QUAHQ

Probing Exotic Quantum Hall States with Heat Quantum Transport

 

THERMAL PROPERTIES OF UNUSUAL QUANTUM HALL PHASES OF GRAPHENE

Under high magnetic field and at low temperatures, electronic interactions in a two-dimensional electron gas give rise to exotic, strongly correlated many-body quantum Hall states. These states have been proposed for the implementation of new quantum circuits, for instance realizing topologically protected quantum computing. Although exciting, these states remain poorly understood, because the conventional experimental approach for their investigation, dc electron transport, only yields limited information. In particular, electron transport only probes the physics of the current-carrying edge channels of the quantum Hall effect propagating along the edges of the electron gas, leaving the physics of the bulk unexplored. To gain a better understanding of these exotic states and their origin, we propose a new, unconventional approach, based on heat transport measurements, which directly probes the charge-neutral, heat-carrying collective modes characterizing these interactions-induced states. 

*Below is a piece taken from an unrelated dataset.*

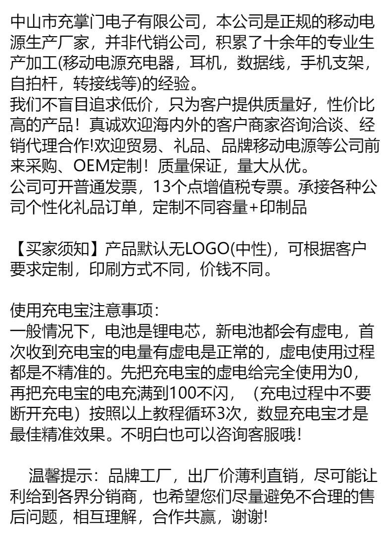 Em circunstâncias normais, a bateria é uma bateria de lítio e as baterias novas terão eletricidade vazia. É normal ficar sem eletricidade ao receber energia do banco de potência pela primeira vez. O processo de utilização de eletricidade vazia é impreciso. Primeiro, use a potência virtual do banco de potência para 0 e, em seguida, carregue totalmente o banco de potência até 100 sem piscar. (Não desconecte o carregador durante o processo de carregamento.) Siga o tutorial acima e faça o ciclo 3 vezes. O banco de potência digital é o mais preciso. Efeito. Se você não entende, também pode consultar o atendimento ao cliente! [Serviço Especial] A empresa pode emitir faturas ordinárias e faturas especiais de imposto sobre valor agregado de 13 pontos. Realize encomendas de brindes personalizados de diversas empresas e personalize diferentes capacidades + produtos impressos. O produto não possui LOGOTIPO por padrão (neutro) e pode ser customizado de acordo com a necessidade do cliente. Diferentes métodos de impressão e preços são diferentes. [Entrega expressa] Cada loja tem como padrão YTO e Jitu Express. Se precisar enviar outra entrega expressa, informe-nos com antecedência. Providencie a entrega em até 24 horas após o pagamento e a entrega em até 48 horas, no máximo. [Garantia pós-venda] O Dropshipping suporta devoluções e trocas sem motivo em sete dias, substituição de três meses e garantia de meio ano. Descrição verdadeira, garantia de qualidade, serviço pós-venda atencioso, compre com confiança. Fábrica de marca, preço à saída da fábrica e vendas diretas de baixo lucro, tentamos o nosso melhor para dar lucros a distribuidores de todas as esferas da vida. Também esperamos que vocês tentem evitar problemas pós-venda irracionais, se entendam e cooperem entre si para obter resultados ganha-ganha. Obrigado! |

A EUROPEAN RESEARCH COUNCIL PROJECT

QUAHQ is a ERC-funded project implemented at the Service de Physique de l'Etat Condensé, a joint lab between Université Paris-Saclay, the french Centre National de la Recherche Scientifique, and the french Commissariat à l'Energie Atomique et aux Energies Alternatives

 

EDGE CHANNEL HEAT TRANSPORT

We measure the deviations to heat flow quantization in the quantum Hall effect to investigate the nature of correlated electronic states.

 

THERMAL CONDUCTANCE OF CORRELATED QUANTUM HALL INSULATORS

Probing the thermal transport properties of correlated insulators under high magnetic field unveils their nature.